Open Access

Magnetic orientation of the Common Toad: establishing an arena approach for adult anurans

Frontiers in Zoology20118:6

DOI: 10.1186/1742-9994-8-6

Received: 27 October 2010

Accepted: 21 March 2011

Published: 21 March 2011



Magnetic orientation is a taxonomically widespread phenomenon in the animal kingdom, but has been little studied in anuran amphibians. We collected Common Toads (Bufo bufo) during their migration towards their spawning pond and tested them shortly after displacement for possible magnetic orientation in arena experiments. Animals were tested in two different set-ups, in the geomagnetic field and in a reversed magnetic field. To the best of our knowledge, this is the first study testing orientation of adult anurans with a controlled magnetic field of a known strength and alignment.


After displacement, toads oriented themselves unimodally under the geomagnetic field, following their former migration direction (d-axis). When the magnetic field was reversed, the distribution of bearings changed from a unimodal to a bimodal pattern, but still along the d-axis. The clustering of bearings was only significant after the toads reached the outer circle, 60.5 cm from their starting point. At a virtual inner circle (diameter 39 cm) and at the start of the experiment, orientation of toads did not show any significant pattern.

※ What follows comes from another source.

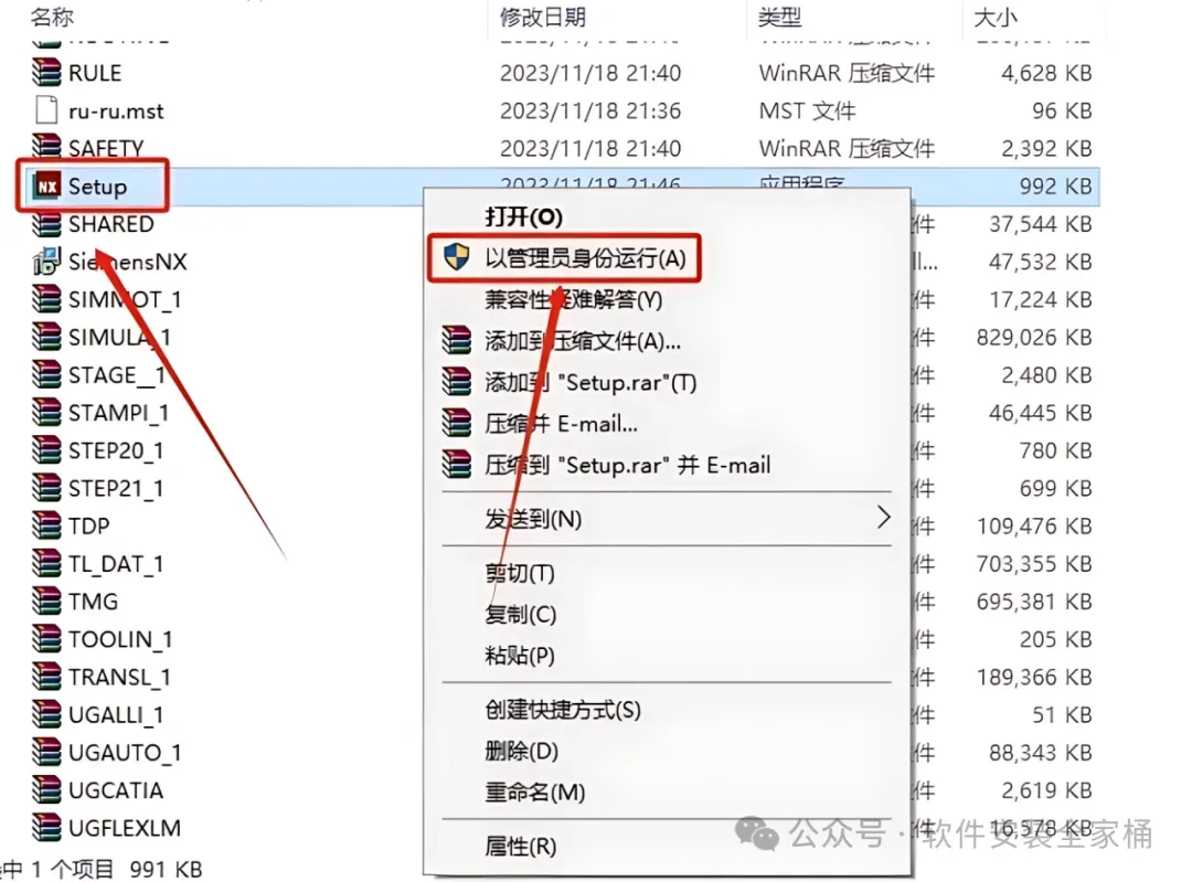 12.鼠标右击【Setup】安装程序,选择【以管理员身份运行】。
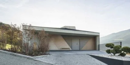 Пентагональная форма этого необычного дома в итальянских Альпах выходит наружу из структурного ядра лестничного колодца, обеспечивая потрясающий вид на ландшафт. Без передней или задней части дом демонстрирует вращающийся континуум жилых помещений, которые сопровождаются разнообразными видами. От долины Изарко до близлежащих лугов, до лесов и через сплоченный поселок небольшого городка на склоне холма южно-тирольский пейзаж присутствует всегда. Окна от пола до потолка позволяют смене цветов и фактур сезонов стать частью повседневной жизни семьи. Владельцы заявили, что они искали дом, в котором они "могли бы дышать": он должен был быть просторным, но не слишком большим, и он должен был быть открытым без ущерба для конфиденциальности каждого члена семьи. Короче говоря, дом должен был дать ощущение свободы. Воспользовавшись наклонными площадками, консоль на уровне первого этажа наружу создает впечатляющее жизненное пространство - пространство воздушного комфорта и благополучия. Непрерывность теплых серых полов контрастирует с натянутой вибрацией деревянного кедрового потолка. Деревянный навес из кедра местного производства воспроизводит геометрию дома и объединяет деревянную отделку с механической и осветительной инфраструктурой, образуя единую систему. С тремя детьми в возрасте от 12 до 18 лет семья также интересовалась домом, который был отражением их самих. Это созвучие между архитектурой дома и тем, что оно сообщало о семье, стало важной дискуссией при разработке дизайна дома. Близость к природе, уважение к окружающей среде и связь с местным сообществом - все это аспекты, которые должны быть учтены в проекте. Экологически чистые материалы вместе с тщательной оценкой энергоэффективности ограждающих конструкций позволили дому получить сертификат "Klimahaus A". Большой выступ крыши на уровне улицы создал общественный социальный барьер для дома: соседи останавливаются, чтобы поприветствовать хозяев и поболтать под крышей, которая образует эту новую наружную комнату. Будучи профессиональным плотником и владельцем магазина розничной торговли дизайнерской мебели, заказчика акцентировал внимание к столярной части и деталям, выступающим в качестве каркаса, в котором мебель могла бы выдержать себя. При входе в дом на уровне земли основой жилой зоны стала открытая планировка, объединенная в ряд микро-условий: прихожая, небольшой кабинет, гостиная, кухня, столовая и вторая гостиная с камином. Главная спальня и ванная комната, а также гостевая ванная комната также расположены на этом уровне. Центральная деревянная лестница вложена в открытые бетонные стены служебного ядра и ведет к центральному фойе, которое дает доступ к трем спальням, большой ванной комнате, прачечной и многофункциональной комнате. Въезд из гаража происходит на этом уровне.

The experimental set-up used in our study is suitable to test orientation behaviour of the Common Toad. We speculate that toads had not enough time to relocate their position on an internal map. Hence, they followed their former migration direction. Bimodality in orientation when exposed to the reversed magnetic field could be the result of a cue conflict, between magnetic and possibly celestial cues. For maintaining their migration direction toads use, at least partly, the geomagnetic field as a reference system.


Periodic migrations are an integral part of the life history of many animals. Northern populations of Robins (Erithacus rubecula) migrate to the south [1], Equatorial Sandhoppers (Talorchestia martensii) migrate along a Y-axis perpendicular to the shoreline [2] and Alpine Newts (Triturus alpestris) migrate to their spawning pond [3]. All these and several other animal species are able to use magnetic cues for orientation [4, 5]. Even though the phenomenon of magnetoreception in animals is well known, some fundamental issues, ranging from the underlying biophysical processes to the ability of navigation, are still poorly understood [68].

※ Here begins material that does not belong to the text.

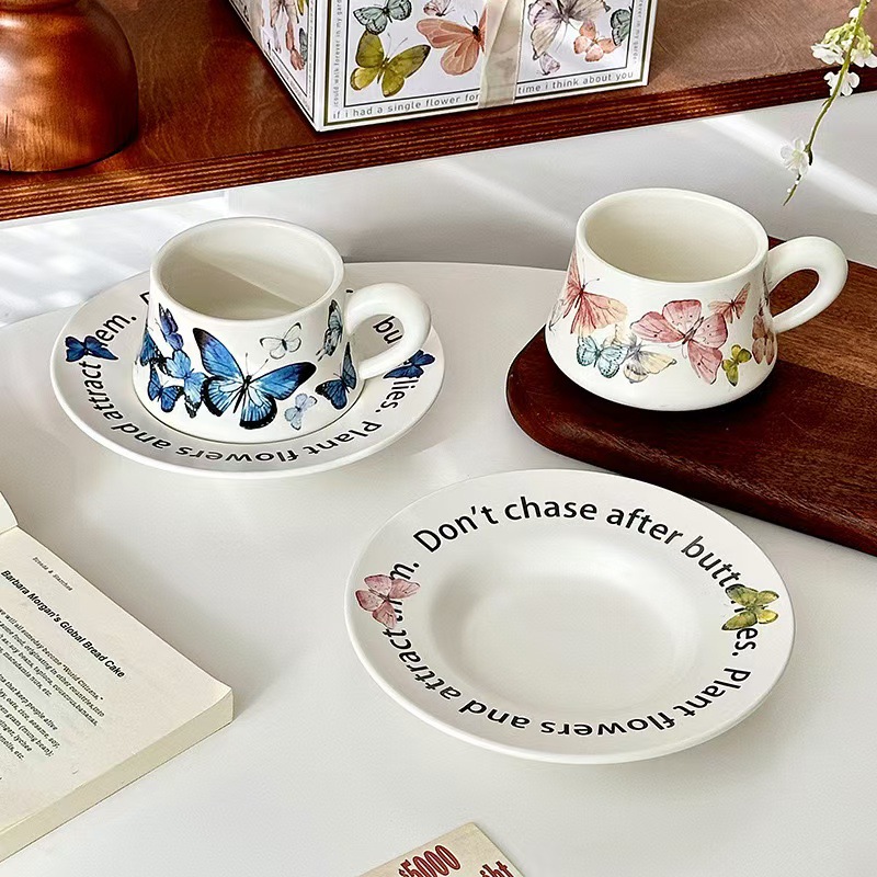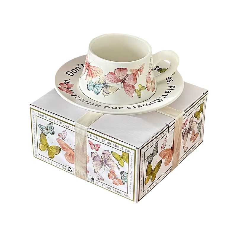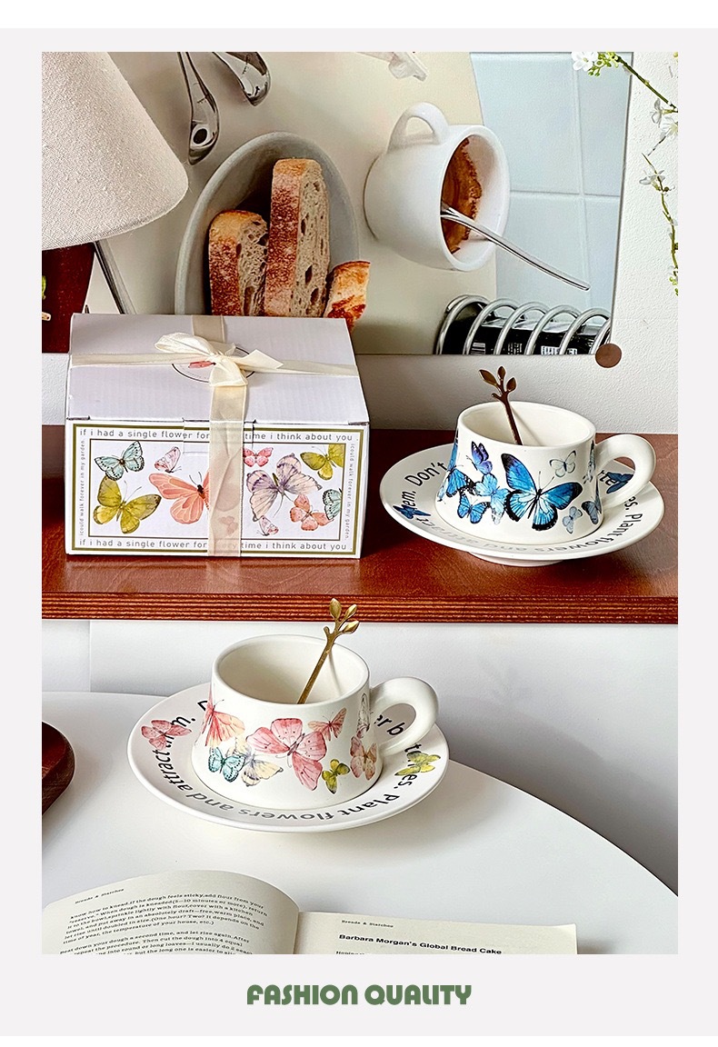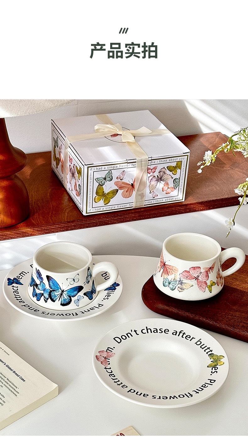 高级感蝴蝶咖啡杯碟套装精致陶瓷下午茶女生生日礼物高颜值伴手礼

The most detailed studies in amphibian orientation biology were conducted with the Eastern Red Spotted Newt (Notophthalmus viridescens). These newts are able to orient themselves in the homeward direction after displacements of up to 45 km [9]. Magnetic orientation of the Eastern Red Spotted Newt is light-dependent [10, 11] and experiments suggest that the inclination of the geomagnetic field is used in a magnetic map [9, 12].

For anurans, only very limited information on magnetic orientation is available [13]. Tadpoles of the Bullfrog (Lithobates catesbeianus) and the Iberian Green Frog (Pelophylax perezi) could be trained to swim along a Y-axis, using the magnetic field as a cue [14, 15]. In both species magnetic orientation by tadpoles is also light-dependent [16, 17].

Adults of our target species, the European Common Toad (Bufo bufo), are able to locate their home pond even if it is filled up with soil [18]. Sinsch [19] provided the first evidence for a magnetic sense: he showed that toads were not able to initially orient towards their spawning pond after displacements over a few hundred meters when they had a bar magnet attached to their heads.

The use of arenas is a standard approach in orientation studies: Animals are placed in the centre of a circular test area and the point where they reach the perimeter is usually taken as measure of their orientation tendencies. Once orientation has been established, the magnetic field and other orientation cues can be manipulated and any changes in behaviour recorded [16, 20, 21]. This approach has been successfully applied to urodeles and larval anurans [10, 16, 2224]. In experiments with amphibians, arena diameter usually ranged from 43 cm [25] to 80 cm [26]. Generally, arena experiments are more difficult to perform with adult anurans, because many species known for their impressive breeding migrations are large bodied, move faster than newts and salamanders and hence require larger arenas. Moreover, they tend to show escape behaviour that interferes with the realization of orientation trials.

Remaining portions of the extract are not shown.